Художник посмотрел в глаза Никите и того чуть не хватил психический удар, поскольку Александр Лаврухин оказался точной копией только что пристававшего книжника-офени! Разве что у арбатского вились вокруг лица длинный волосы, а подбородок украшала аккуратно постриженная бородка. Но лица художника и офени были настолько схожи, что Никита сразу не смог даже ничего сказать. Лишь помотав головой, он всё-таки решился:

– Послушайте, Александр, у вас нет случайно брата? Я буквально несколько минут назад видел вон там, – Никита для наглядности указал пальцем в начало Арбата, – видел точно такого же человека, торгующего офеню-лотошника. Если вас поставить рядом, можно сказать, – близнецы!

– Вы, скорее всего, ошиблись, – пожал плечами Лаврухин. – Просто этот офеня чем-то сумел поразить, вот вам и кажется нечто похожее. Но мне интересно, какая же из моих работ вас затронула?

– Вот эта, – ткнул пальцем Никита в занимательный графический рисунок.

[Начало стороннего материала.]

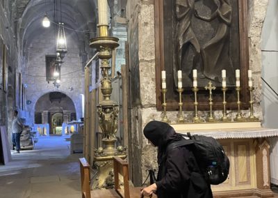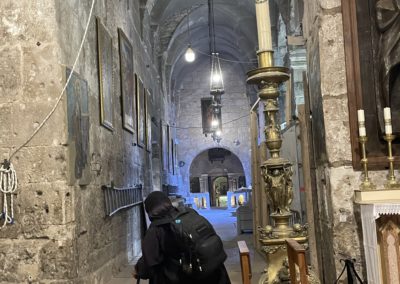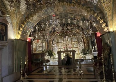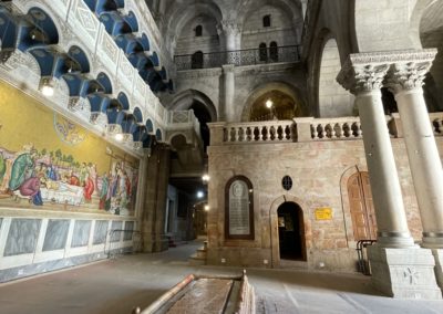 Le grand mausolée de marbre qui couronne la nef circulaire de la basilique est la principale attraction du Saint-Sépulcre. Les files d’attente pour entrer dans cette petite chapelle peuvent être infinies, c’est pourquoi nous vous recommandons d’arriver tôt le matin. Le lit mortuaire vénéré ne peut accueillir que quatre ou cinq personnes.

На нём была изображена женщина, сидящая в позе лотоса. Но художник умудрился зарисовать даму в профиль. Причём, вся фигура женщины под взглядом рисовальщика оказалась прозрачной и внутри фигуры, вместо позвоночника, вытянулась змея, голова которой застыла прямо в мозгах под причёской дамы. Никита и раньше слышал про энергию Кундалини, начинающейся в конце позвоночника, там же, где находился хвост змеи. Но данная энергия раскручивается снизу по телу человека как спираль вокруг позвоночника. На рисунке змея в теле женщины также обладала спиралевидными отростками, как будто дерево – веточками.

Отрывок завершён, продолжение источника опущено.